#### Your assignment
Among the entries below, only the lines from the one with "膜表面的亲疏水性、荷电性和官" through the one with "从上周新增年报披露的业绩整体" are wanted, reproduced exactly. Pictures are not wanted.

#### Records provided
* * * *
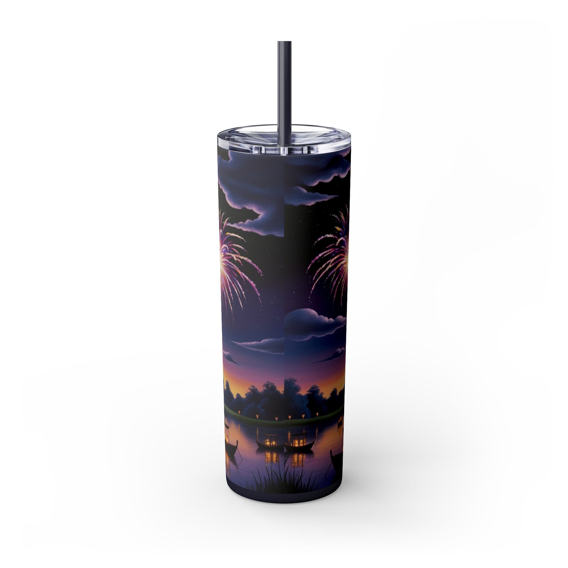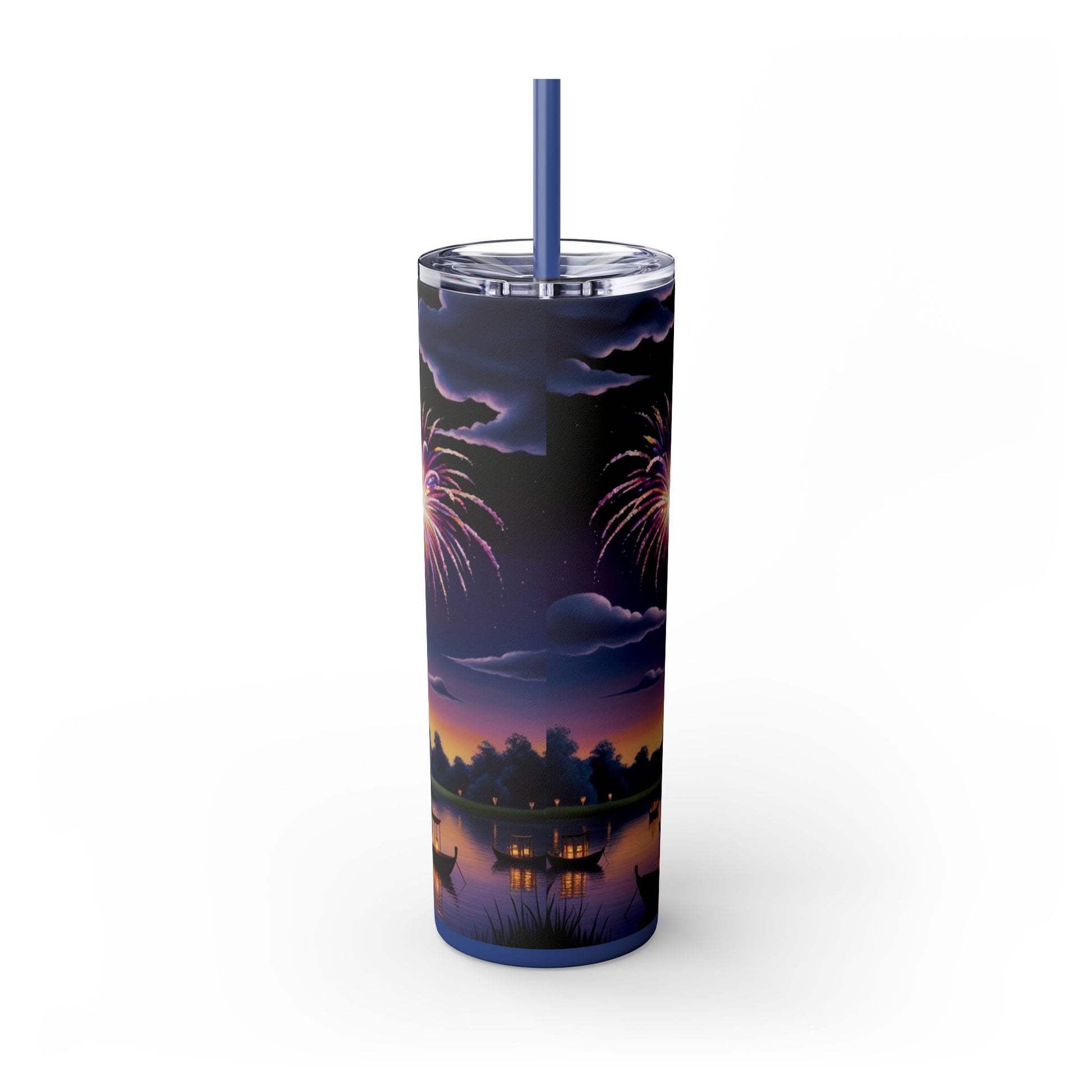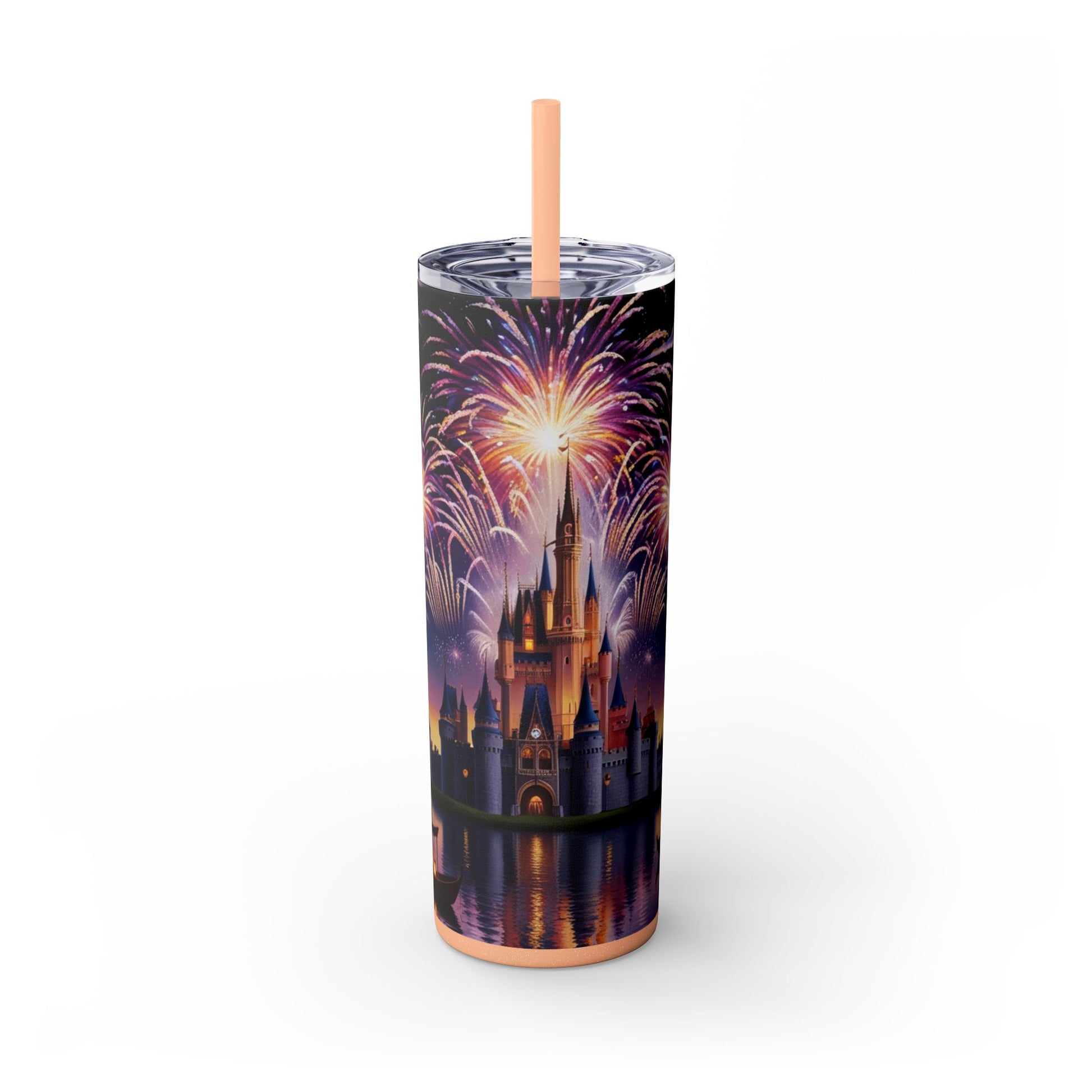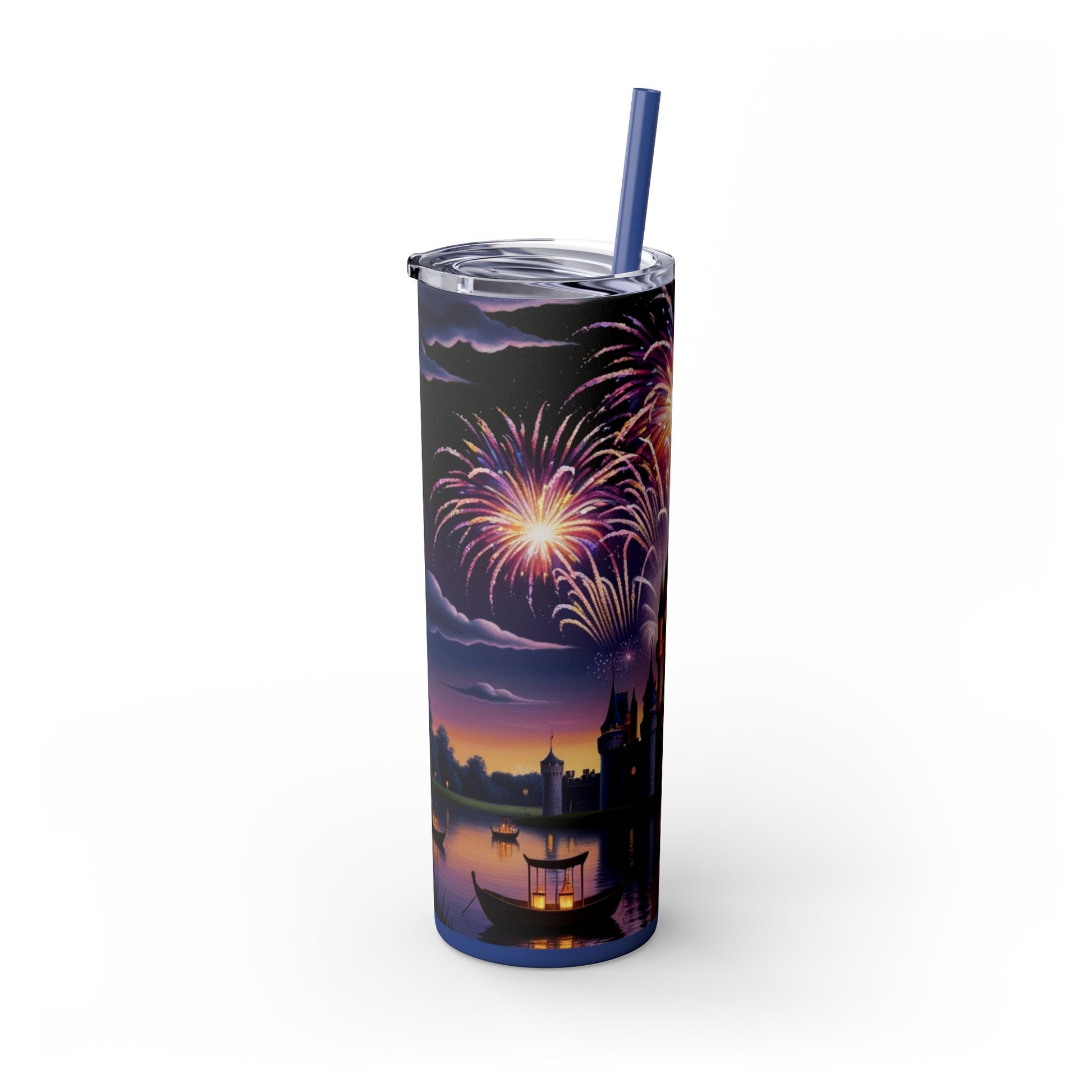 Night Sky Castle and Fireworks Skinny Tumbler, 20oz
* * * *
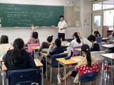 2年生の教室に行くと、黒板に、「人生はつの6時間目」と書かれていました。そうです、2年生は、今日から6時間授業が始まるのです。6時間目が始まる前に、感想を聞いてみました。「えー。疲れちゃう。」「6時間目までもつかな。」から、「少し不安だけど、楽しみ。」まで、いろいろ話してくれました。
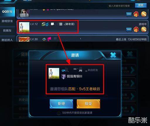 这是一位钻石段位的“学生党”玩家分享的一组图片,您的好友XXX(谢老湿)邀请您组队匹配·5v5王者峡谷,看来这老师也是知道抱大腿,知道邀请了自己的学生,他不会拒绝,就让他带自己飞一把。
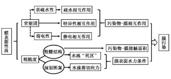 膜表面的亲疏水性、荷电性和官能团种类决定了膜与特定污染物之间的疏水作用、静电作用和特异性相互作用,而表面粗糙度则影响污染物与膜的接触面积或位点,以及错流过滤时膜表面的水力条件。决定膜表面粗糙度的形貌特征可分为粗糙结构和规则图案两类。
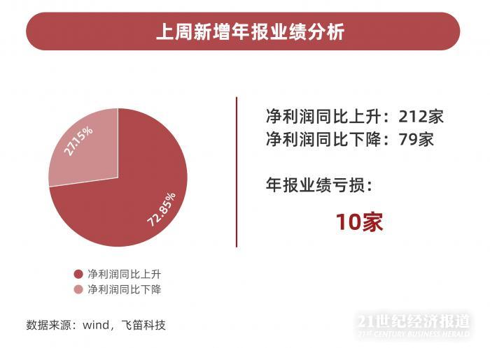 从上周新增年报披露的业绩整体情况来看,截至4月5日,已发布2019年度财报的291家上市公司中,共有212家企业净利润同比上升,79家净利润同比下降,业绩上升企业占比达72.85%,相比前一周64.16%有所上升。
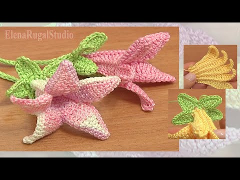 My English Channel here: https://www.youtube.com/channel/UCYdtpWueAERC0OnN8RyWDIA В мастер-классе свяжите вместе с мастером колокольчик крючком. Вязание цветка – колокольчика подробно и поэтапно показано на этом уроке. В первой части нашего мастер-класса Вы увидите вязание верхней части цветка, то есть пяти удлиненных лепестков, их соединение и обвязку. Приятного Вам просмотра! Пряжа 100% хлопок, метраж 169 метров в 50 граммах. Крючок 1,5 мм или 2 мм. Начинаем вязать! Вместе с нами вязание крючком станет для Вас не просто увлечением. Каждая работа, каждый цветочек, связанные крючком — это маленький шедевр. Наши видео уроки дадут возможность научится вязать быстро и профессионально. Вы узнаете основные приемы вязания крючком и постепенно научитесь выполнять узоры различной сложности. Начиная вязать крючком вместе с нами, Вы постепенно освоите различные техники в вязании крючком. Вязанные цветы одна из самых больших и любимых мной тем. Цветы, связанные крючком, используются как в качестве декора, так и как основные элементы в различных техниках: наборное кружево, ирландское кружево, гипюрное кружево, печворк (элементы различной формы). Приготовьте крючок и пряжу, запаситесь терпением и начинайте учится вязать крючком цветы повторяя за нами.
* * * *
#### Task solution
 膜表面的亲疏水性、荷电性和官能团种类决定了膜与特定污染物之间的疏水作用、静电作用和特异性相互作用,而表面粗糙度则影响污染物与膜的接触面积或位点,以及错流过滤时膜表面的水力条件。决定膜表面粗糙度的形貌特征可分为粗糙结构和规则图案两类。
 从上周新增年报披露的业绩整体情况来看,截至4月5日,已发布2019年度财报的291家上市公司中,共有212家企业净利润同比上升,79家净利润同比下降,业绩上升企业占比达72.85%,相比前一周64.16%有所上升。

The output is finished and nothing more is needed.